Suppresses norovirus which causes winter food poisoning

It has been proved that the active elements produced by the Streamer technology decomposes and neutralizes the norovirus by contacting the norovirus that causes food poisoning. Furthermore, this time, it was proved that operating two Streamer units doubled the suppression effect.

Professor Shigeru Kyuwa
Supervisor Professor Shigeru Kyuwa
Ph.D. (Agriculture)
Department of Biomedical Science,
Graduate School of Agriculture and Life Science,
the University of Tokyo
 
  • This is the demonstration result using a streamer discharge device for testing.
  • The effect of products equipped with Streamer technology or the effect in actual use environment may differ.

Demonstration of the suppression effect against norovirus

 

The survival rate of norovirus after 4 hours of Streamer irradiation was 0.6% for two units operation compared to 1.3% for one unit operation, confirming approximately twice the suppression effect.

  • This is the demonstration result using a streamer discharge device for testing.
  • The effect of products equipped with Streamer technology or the effect in actual use environment may differ.

Testing organization

Department of Biomedical Science, Graduate School of Agriculture and Life Science, the University of Tokyo

Test method

Use mouse norovirus [Mouse norovirus] (1) Virus belonging to the genus Calicivirus Norovirus (single-stranded RNA virus, plus sense, no envelope). (2) A related virus that belongs to the same virus genus as human norovirus and may be used as a substitute for human norovirus. (3) Increase in mouse macrophage-like tumor cell line RAW264 cells.
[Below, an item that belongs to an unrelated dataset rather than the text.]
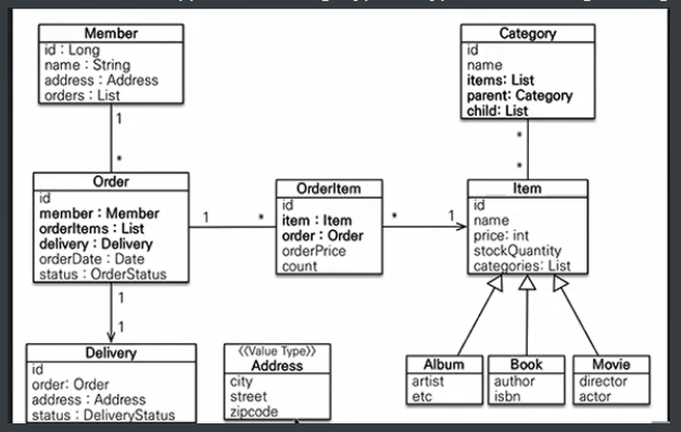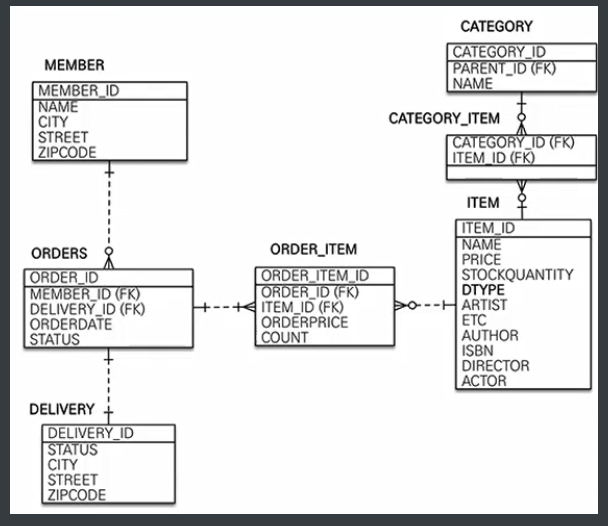 - 회원 - 주문 : 다대일 양방향 -> 주인관계 정해야함 -> 주문이 외래키 보유하므로 주문

The MNV-S7 strain (Genbank accession no. AB435515, Toya etc.) used in this experiment was expanded with the above RAW264 cells (purchased from RIKEN BRC Cell Bank). D-MEM/Ham's F-12 (containing phenol red, HEPES, sodium pyruvate) was used as the culture solution. The virus titer was determined by the TDIDT50 method using a 96-well plate.

Be cautious for norovirus in winter!

 

Bacterial food poisoning is more common in the summer, when fungi are more prone to growth, but since viruses prefer low temperatures and dry environments, viral food poisoning increases in winter. Among them, the overwhelming majority are food poisoning due to norovirus. Norovirus is extremely infectious and often spreads at a stretch, resulting in more outbreaks and patients than in the summer. Looking at the number of food poisoning patients per year, norovirus accounts for more than half of them.